BEGIN Given entries

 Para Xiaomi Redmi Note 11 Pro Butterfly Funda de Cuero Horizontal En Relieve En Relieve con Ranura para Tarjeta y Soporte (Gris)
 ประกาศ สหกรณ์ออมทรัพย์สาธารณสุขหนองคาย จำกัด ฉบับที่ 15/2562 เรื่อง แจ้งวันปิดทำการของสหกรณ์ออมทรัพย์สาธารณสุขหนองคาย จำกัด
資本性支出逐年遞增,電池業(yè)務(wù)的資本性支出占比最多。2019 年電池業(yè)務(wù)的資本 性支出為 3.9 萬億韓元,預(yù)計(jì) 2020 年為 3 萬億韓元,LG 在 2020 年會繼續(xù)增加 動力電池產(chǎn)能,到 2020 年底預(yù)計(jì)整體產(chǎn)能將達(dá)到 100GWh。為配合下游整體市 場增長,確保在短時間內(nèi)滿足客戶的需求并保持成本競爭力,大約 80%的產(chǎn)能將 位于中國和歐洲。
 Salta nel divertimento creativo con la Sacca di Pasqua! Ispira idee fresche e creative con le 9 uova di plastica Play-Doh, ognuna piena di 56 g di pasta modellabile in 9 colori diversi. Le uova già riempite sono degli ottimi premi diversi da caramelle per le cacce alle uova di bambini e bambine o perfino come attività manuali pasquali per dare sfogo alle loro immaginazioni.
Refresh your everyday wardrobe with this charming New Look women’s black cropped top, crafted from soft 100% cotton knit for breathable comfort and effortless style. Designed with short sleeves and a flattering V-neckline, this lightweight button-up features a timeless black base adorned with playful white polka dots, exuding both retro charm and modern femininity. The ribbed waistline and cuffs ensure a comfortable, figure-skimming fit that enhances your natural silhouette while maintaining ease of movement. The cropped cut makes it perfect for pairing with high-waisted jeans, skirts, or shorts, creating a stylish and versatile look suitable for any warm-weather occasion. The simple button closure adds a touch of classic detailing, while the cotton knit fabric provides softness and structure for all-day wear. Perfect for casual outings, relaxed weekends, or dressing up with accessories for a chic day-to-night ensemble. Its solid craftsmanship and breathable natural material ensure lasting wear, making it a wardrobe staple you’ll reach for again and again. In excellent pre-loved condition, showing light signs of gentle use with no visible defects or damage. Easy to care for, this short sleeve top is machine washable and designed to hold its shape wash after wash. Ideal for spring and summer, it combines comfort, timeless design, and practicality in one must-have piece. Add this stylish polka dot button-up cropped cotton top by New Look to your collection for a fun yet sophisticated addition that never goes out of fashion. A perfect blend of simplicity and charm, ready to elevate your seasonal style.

END Given entries
BEGIN Given entries

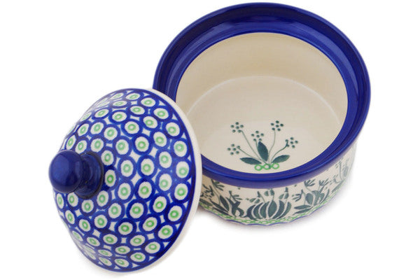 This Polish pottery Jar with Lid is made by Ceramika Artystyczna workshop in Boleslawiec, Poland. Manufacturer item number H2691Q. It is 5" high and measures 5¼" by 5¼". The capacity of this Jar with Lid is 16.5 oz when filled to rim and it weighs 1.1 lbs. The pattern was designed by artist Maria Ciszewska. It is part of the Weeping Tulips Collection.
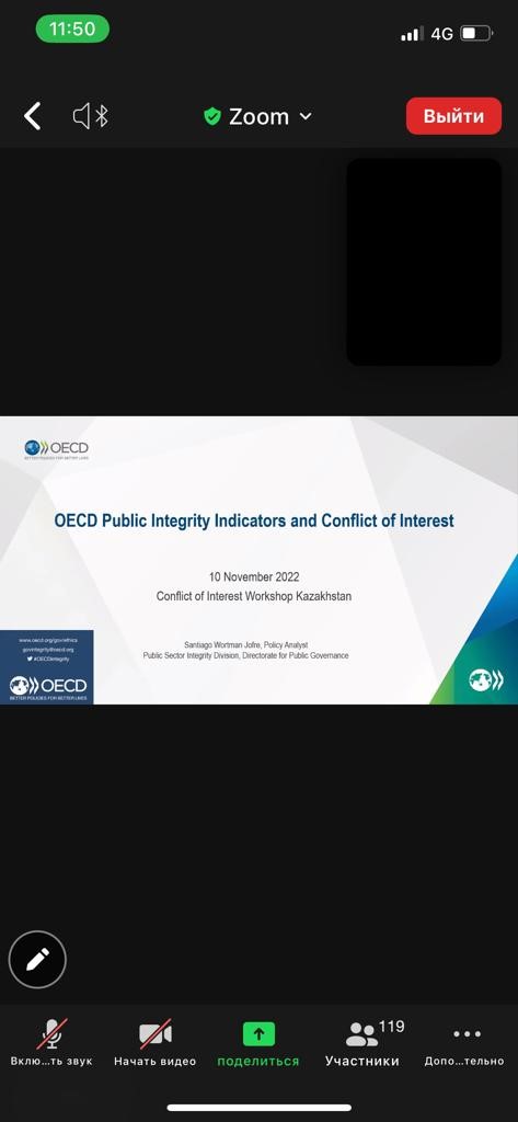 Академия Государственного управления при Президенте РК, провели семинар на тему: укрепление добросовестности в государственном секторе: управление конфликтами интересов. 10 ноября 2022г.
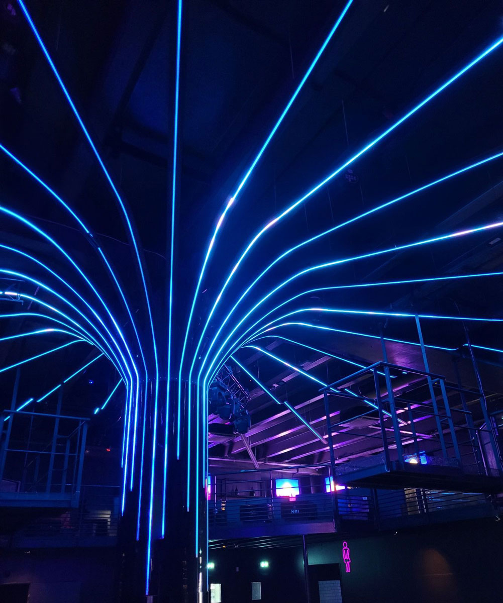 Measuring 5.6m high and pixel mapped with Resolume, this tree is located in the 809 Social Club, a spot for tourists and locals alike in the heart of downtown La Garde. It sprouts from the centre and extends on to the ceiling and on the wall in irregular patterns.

END Given entries

> **What to do**
Return, with no change at all, every line in the entries above from the line containing "Para Xiaomi Redmi" through the line containing "ประกาศ สหกรณ์ออมทรัพย์สาธารณสุขหนองคาย จำกัด".

> **Solution for this task**
 Para Xiaomi Redmi Note 11 Pro Butterfly Funda de Cuero Horizontal En Relieve En Relieve con Ranura para Tarjeta y Soporte (Gris)
 ประกาศ สหกรณ์ออมทรัพย์สาธารณสุขหนองคาย จำกัด ฉบับที่ 15/2562 เรื่อง แจ้งวันปิดทำการของสหกรณ์ออมทรัพย์สาธารณสุขหนองคาย จำกัด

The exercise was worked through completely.